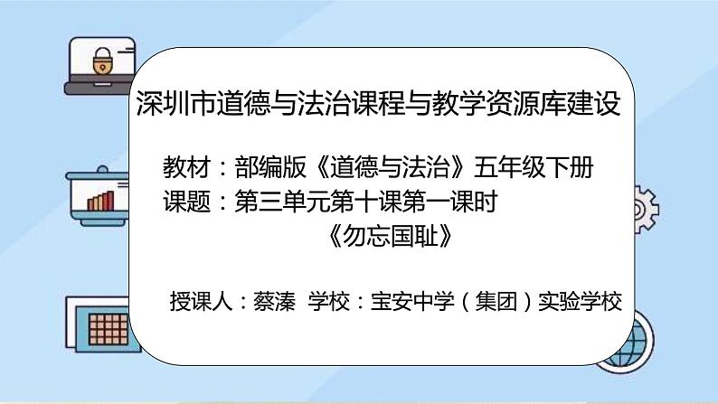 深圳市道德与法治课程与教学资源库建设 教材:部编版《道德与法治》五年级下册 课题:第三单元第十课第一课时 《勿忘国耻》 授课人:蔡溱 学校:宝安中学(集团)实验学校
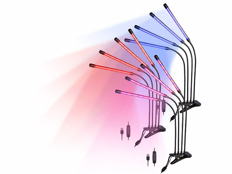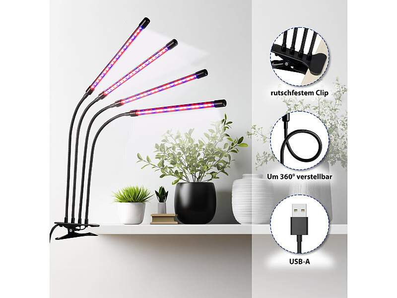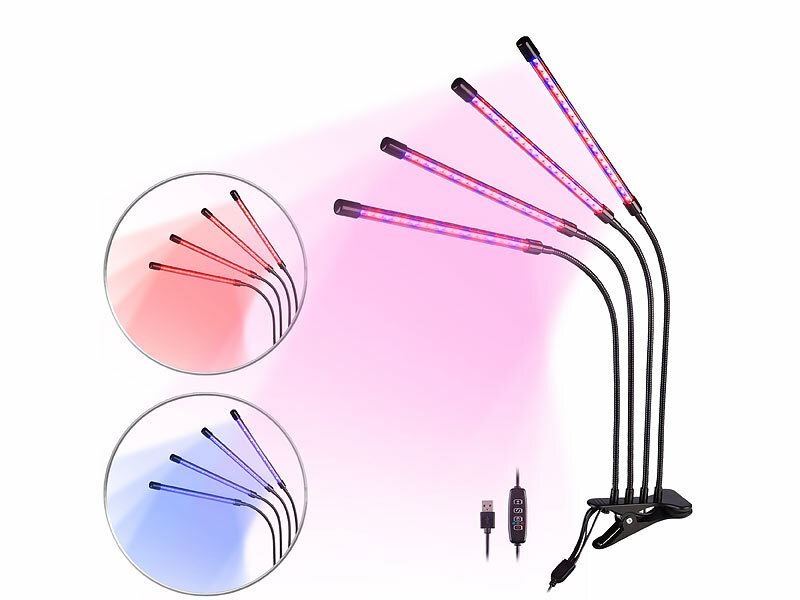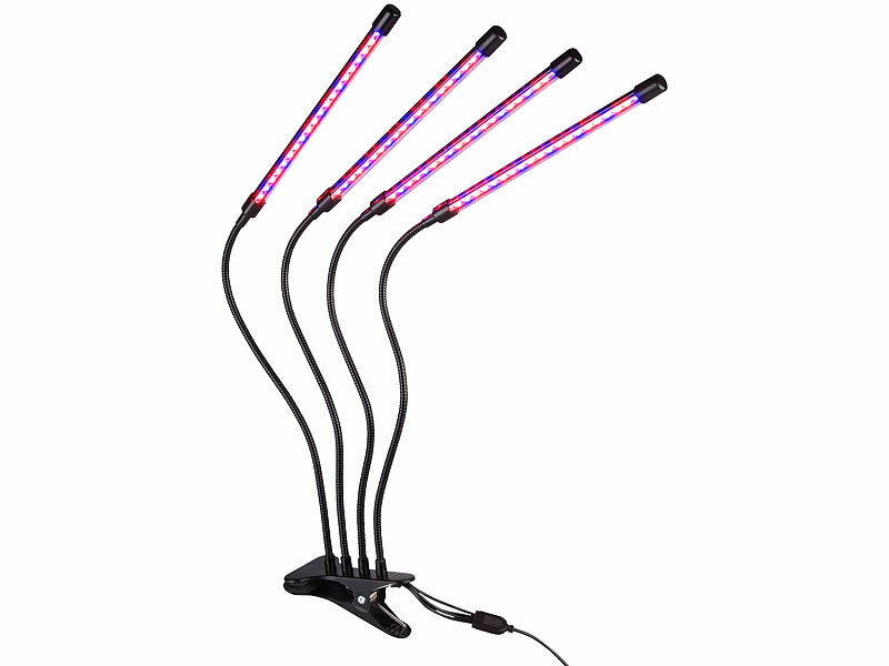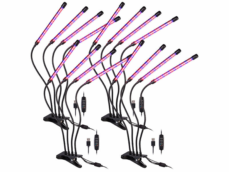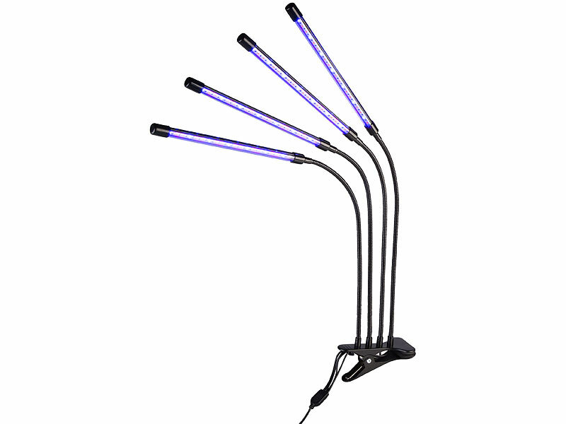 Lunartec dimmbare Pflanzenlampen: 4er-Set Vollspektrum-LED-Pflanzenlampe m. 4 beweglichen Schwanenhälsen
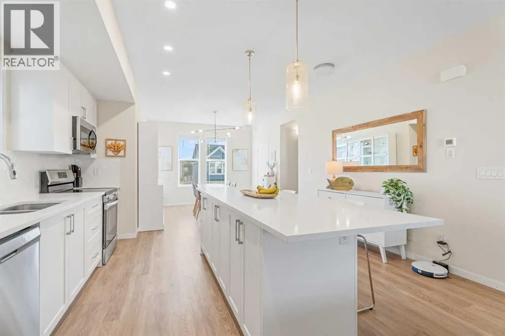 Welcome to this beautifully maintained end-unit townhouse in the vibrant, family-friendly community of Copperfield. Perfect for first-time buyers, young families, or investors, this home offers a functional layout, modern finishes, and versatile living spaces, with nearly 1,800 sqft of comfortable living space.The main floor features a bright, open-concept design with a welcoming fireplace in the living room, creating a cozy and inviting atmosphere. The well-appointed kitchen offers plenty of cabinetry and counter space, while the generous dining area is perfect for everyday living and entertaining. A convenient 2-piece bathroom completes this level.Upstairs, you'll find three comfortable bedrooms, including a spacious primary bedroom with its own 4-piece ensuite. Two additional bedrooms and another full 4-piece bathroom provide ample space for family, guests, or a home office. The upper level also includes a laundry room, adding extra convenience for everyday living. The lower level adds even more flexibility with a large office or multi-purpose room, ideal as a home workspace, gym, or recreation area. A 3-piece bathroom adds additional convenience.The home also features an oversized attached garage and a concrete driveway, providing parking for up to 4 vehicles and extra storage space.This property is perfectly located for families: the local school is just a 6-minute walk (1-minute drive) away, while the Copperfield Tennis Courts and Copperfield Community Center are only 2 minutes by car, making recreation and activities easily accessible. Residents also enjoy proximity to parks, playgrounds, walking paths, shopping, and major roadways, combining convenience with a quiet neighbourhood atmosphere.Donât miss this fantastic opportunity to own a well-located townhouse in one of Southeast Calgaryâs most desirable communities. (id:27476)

=======

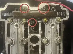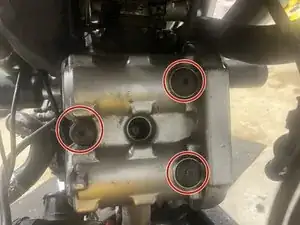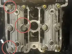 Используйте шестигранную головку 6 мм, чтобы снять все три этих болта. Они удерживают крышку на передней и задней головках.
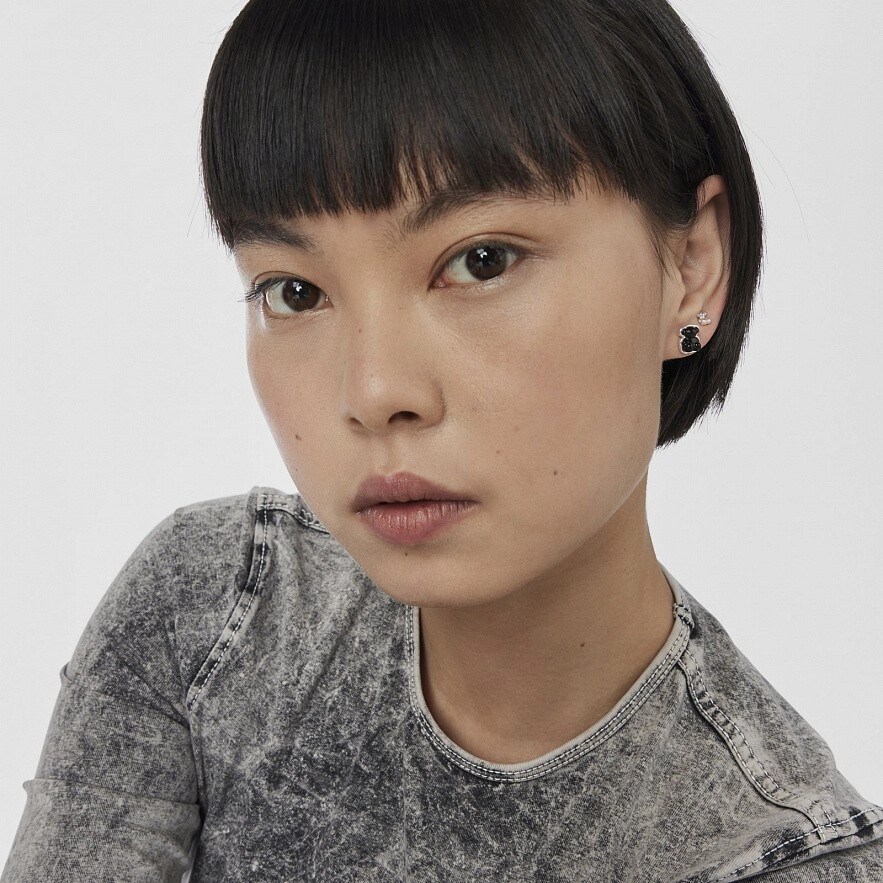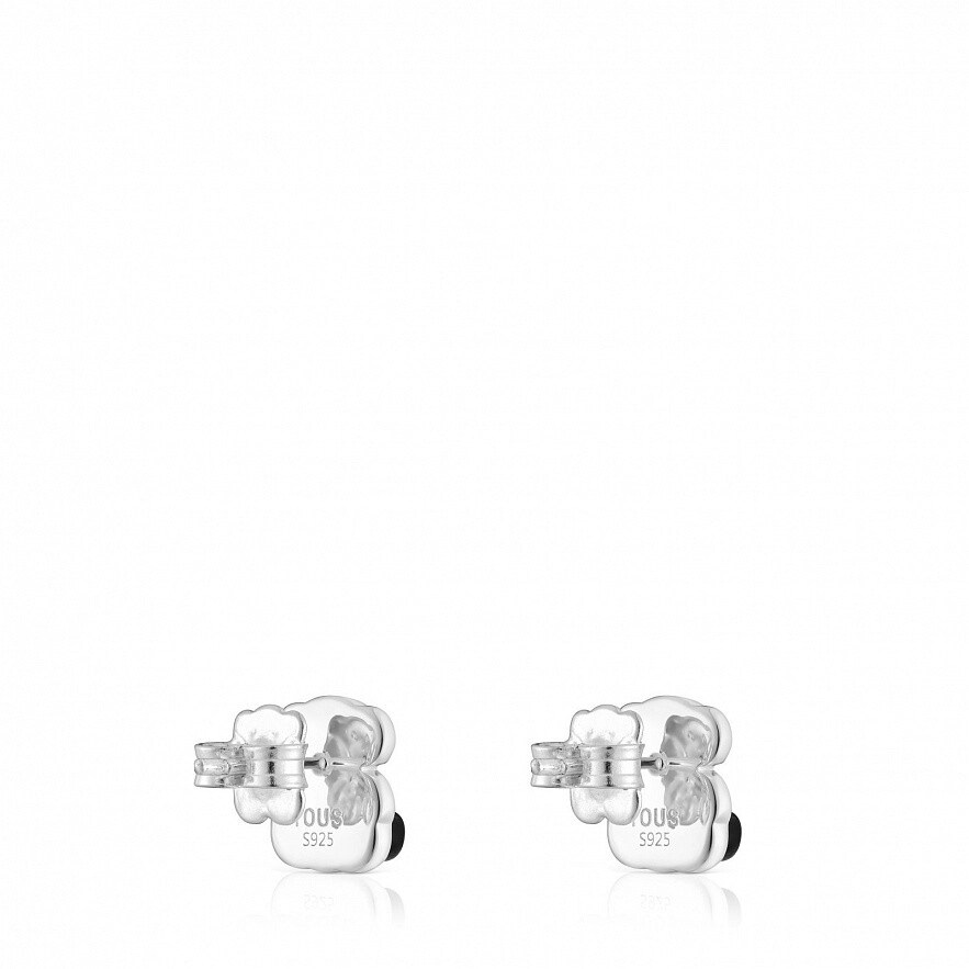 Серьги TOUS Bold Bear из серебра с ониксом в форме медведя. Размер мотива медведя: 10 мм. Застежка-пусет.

=======

**INSTRUCTIONS TO FOLLOW**
For this exercise, return exactly the lines above from the line with "Используйте шестигранную головку" through the line with "Серьги TOUS Bold", both included. Do not copy the pictures.

**ANSWER FOR THE TASK**
 Используйте шестигранную головку 6 мм, чтобы снять все три этих болта. Они удерживают крышку на передней и задней головках.
 Серьги TOUS Bold Bear из серебра с ониксом в форме медведя. Размер мотива медведя: 10 мм. Застежка-пусет.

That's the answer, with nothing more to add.